Announcement

Collapse
No announcement yet.
X
  • Filter
  • Time
  • Show
Clear All
new posts

  • Running time of program

    Hi,

    I'm using rolling in Stata 14.1 on a Windows 7 machine with 32GB of RAM. I have an unbalanced panel data set of mutual funds. There are 1,037,398 rows and 15 columns with various characteristics of the funds in the data set, including returns. I want to calculate the rolling average, standard deviation, skew, and kurtosis of returns by mutual fund for the past 12-, 24-, and 36-months.

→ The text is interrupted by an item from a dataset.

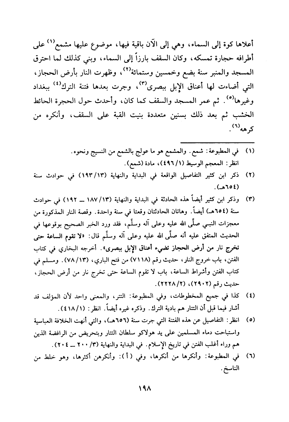 (¬3) وذكر ابن كثير أيضا هذه الحادثة في البداية والنهاية (13 / 187 - 192) في حوادث سنة (654هـ) أيضا، وهاتان الحادثتان وقعتا في سنة واحدة، وقصة النار المذكورة من معجزات النبي صلى الله عليه وعلى آله وسلم، فقد ورد الخبر الصحيح بوقوعها في الحديث المتفق عليه أنه صلى الله عليه وعلى آله وسلم قال: " لا تقوم الساعة حتى تخرج نار من أرض الحجاز تضيء أعناق الإبل ببصرى ". أخرجه البخاري في كتاب الفتن، باب خروج النار، حديث رقم (7118) من فتح الباري، (13 / 78) . ومسلم في كتاب الفتن وأشراط الساعة، باب لا تقوم الساعة حتى تخرج نار من أرض الحجاز، حديث رقم (2902) ، (2 / 2228) .

    The program I wrote works as expected and finishes in a more or less reasonable amount of time for subsamples of the data. For example, for the 12-month horizon it takes 25 second to run on a subsample of 10,000 observations and 23 minutes on a subsample of 100,000 observations. But the program ran for over 15 hours without completing when I tried it on the full sample of 12-month returns. I've tried a few things based on discussions in this forum, such as using the command asrol that was written by another user. Doing so on the subsamples of my data set causes Stata to freeze. I also understand that the set memory option has been deprecated in recent versions of Stata. (I've used earlier versions of Stata in my research several years ago.)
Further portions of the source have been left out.